=the height in metres of a weather ballon above the ground after t seconds can be modelled by the function h(t)=-2t^3+3t^2+149, for 0<t<10. when is the ballon exactly 980 m above the ground?

h(t)=-2t^3+3t^2+149 = 980

-2 t^3 + 3 t^2 - 831 = 0

There is no positive real root.

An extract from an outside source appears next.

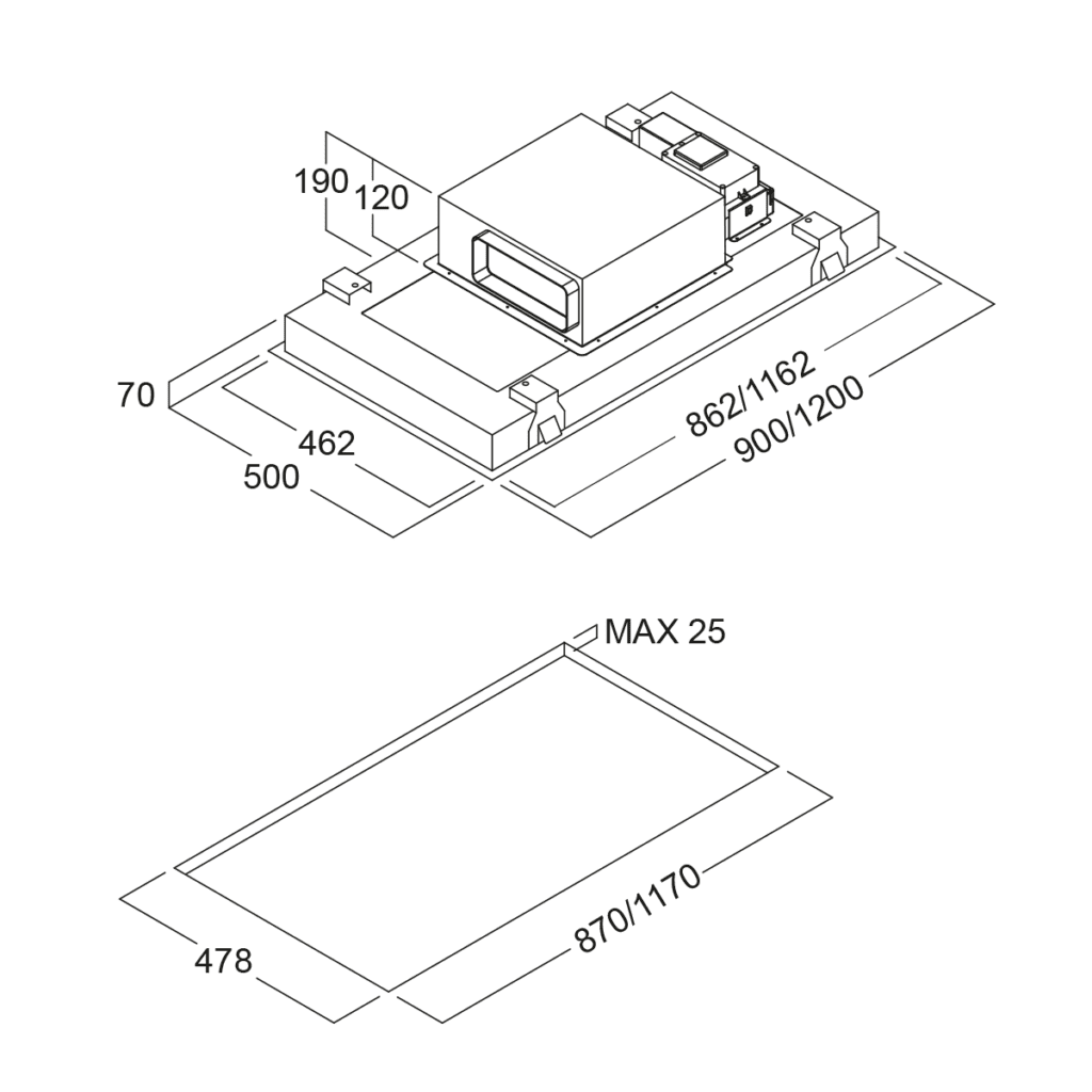 Dinamičko svjetlo, Filter alarm, Intenzivna snaga, Izmjena zraka, Obodni usis, Prilagođena veličina, Timer |

I think a typo
I bet you mean
h(t)=-2t^3+3t^2+149t
so
-2 t^3 + 3 t^2 + 149 t - 980 = 0
nope, no real + roots
I think a typo

let me rewrite the question:
the height,h, in metres, of a weather balloon above the ground after t seconds can be modelled by the function h(t)=-2t^3+3t^2+149+410, for 0<t<10. when is the balloon exactly 980 m above the ground
my bad i messed up the number

its *h(t)=-2t^3+3t^2+149t+410,

-2t^3+3t^2+149t+410 = 980
2t^3 - 3t^2 - 149t + 570 = 0

could try 1, 2, 3, 4, 5 ,6, 7, 8, 9 ,10
Well, what do you know,
t=5 works and so does t = 6
so there has to be 3 factors, I know the first two are
(t-5)(t-6)(? t + ?) = 0
by the "common sense" theorem, the third factor must be
2t + 19 , which would yield a negative t , no good

the balloon is above 980 m above after 5 minutes and again after 6 minutes

check one of them...
t = 6
h(6) = -2(6^3) + 3(6^2) + 149(6) + 410
= -432 + 108 + 894 +410
= 980

where do we get the 570 from?

Remember your algebra I?
Subtract 980 from both sides. You want to have f(x) = 0 to solve for x.